— Directions —
Write out the listing below without alteration, omitting its pictures.

— Dataset extract —
= = = = =

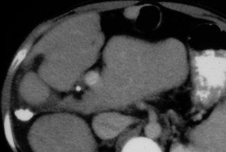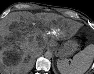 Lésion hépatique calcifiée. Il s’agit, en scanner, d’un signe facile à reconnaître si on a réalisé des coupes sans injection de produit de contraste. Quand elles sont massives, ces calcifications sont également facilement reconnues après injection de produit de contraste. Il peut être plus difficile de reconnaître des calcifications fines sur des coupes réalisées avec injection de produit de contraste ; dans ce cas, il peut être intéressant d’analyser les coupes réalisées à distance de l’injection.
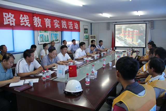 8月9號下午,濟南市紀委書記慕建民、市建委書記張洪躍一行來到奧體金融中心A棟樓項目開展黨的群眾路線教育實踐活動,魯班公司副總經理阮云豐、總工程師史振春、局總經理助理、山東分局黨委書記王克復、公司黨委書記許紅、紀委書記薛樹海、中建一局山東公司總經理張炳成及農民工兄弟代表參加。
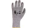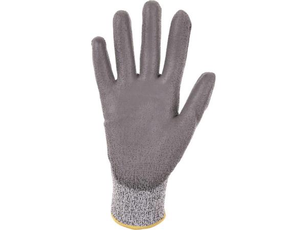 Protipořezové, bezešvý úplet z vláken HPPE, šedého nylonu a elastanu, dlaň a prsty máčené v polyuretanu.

= = = = =

— Output of the task —
 Lésion hépatique calcifiée. Il s’agit, en scanner, d’un signe facile à reconnaître si on a réalisé des coupes sans injection de produit de contraste. Quand elles sont massives, ces calcifications sont également facilement reconnues après injection de produit de contraste. Il peut être plus difficile de reconnaître des calcifications fines sur des coupes réalisées avec injection de produit de contraste ; dans ce cas, il peut être intéressant d’analyser les coupes réalisées à distance de l’injection.
 8月9號下午,濟南市紀委書記慕建民、市建委書記張洪躍一行來到奧體金融中心A棟樓項目開展黨的群眾路線教育實踐活動,魯班公司副總經理阮云豐、總工程師史振春、局總經理助理、山東分局黨委書記王克復、公司黨委書記許紅、紀委書記薛樹海、中建一局山東公司總經理張炳成及農民工兄弟代表參加。
 Protipořezové, bezešvý úplet z vláken HPPE, šedého nylonu a elastanu, dlaň a prsty máčené v polyuretanu.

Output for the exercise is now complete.